With that, Canolles refilled the glasses, and Richon, having emptied his to the baron's health, took his leave; nor did it once occur to the baron to watch to see in which direction he went. Left to his own resources, amid the half-burned candles, empty bottles, and scattered cards, he fell a prey to one of those fits of depression which no one can understand without experiencing them, for his jovial humor throughout the evening had its origin in a disappointment which he had labored to forget, with but partial success.
He dragged his feet along toward his bedroom, casting a sidelong glance, half regretful, half-angry, through the window in the hall toward the isolated house, where a single window, through which a reddish light shone, intercepted from time to time by more than one shadow, proved with sufficient certainty that Mademoiselle de Lartigues was passing a less lonely evening than himself.
On the first stair, the toe of Canolles' boot came in contact with some object; he stooped and picked up one of the viscount's diminutive pearl-gray gloves, which he had dropped in his haste to leave Master Biscarros' hostelry, and which he probably did not consider of sufficient value to waste his time in searching for it.
Whatever may have been Canolles' reflections in a moment of misanthropy not to be wondered at in an offended lover, there was not at the isolated house a whit more real satisfaction than at the Golden Calf.
Nanon was restless and anxious throughout the night, revolving in her mind a thousand schemes to warn Canolles, and she resorted to every device that a well-developed female brain could suggest in the way of cunning and trickery to extricate herself from her precarious situation.
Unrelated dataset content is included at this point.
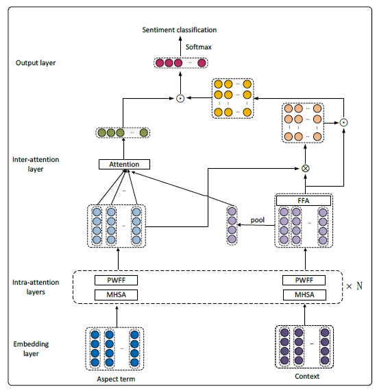 该文提出了一种新型的多注意力机制相结合的方面级情感分析算法。该算法在初始化词向量的时候采用了提高的BERT。然后提出了层内注意力机制和层间注意力机制两种不同类型的注意力机制。层内注意力机制是一个堆叠式结构,由多头自注意力机制以及点式前馈神经网络两部分构成。层间注意力机制使用一个交互式全局注意力结构。在此基础上,该文提出了一个特征关注机制模块帮助模型捕捉上下文信息。在常用的五个数据集上,实验结果表明提出模型优于同类的情感分析模型。该文具有重要的学术价值与应用前景。

Her only object was to steal one minute from the duke to speak to Francinette, or two minutes to write a line to Canolles upon a scrap of paper.
But you would have said that the duke, suspecting all that was passing through her mind, and reading her anxiety through the mask of cheerfulness which her face wore, had sworn to himself that he would not vouchsafe to her one moment of that liberty which was so essential to her peace of mind.
Nanon had a sick-headache; Monsieur d'Épernon would not hear of her rising to get her bottle of salts, but went to look for it himself.
Nanon pricked herself with a pin, and a ruby drop appeared at the end of her taper finger; she essayed to go to her toilet-case for a piece of the famous rose-taffeta, which was just coming into favor, but Monsieur d'Épernon, with indefatigable devotion to her comfort, rose, prepared the rose-taffeta with disheartening dexterity, and locked the toilet-case.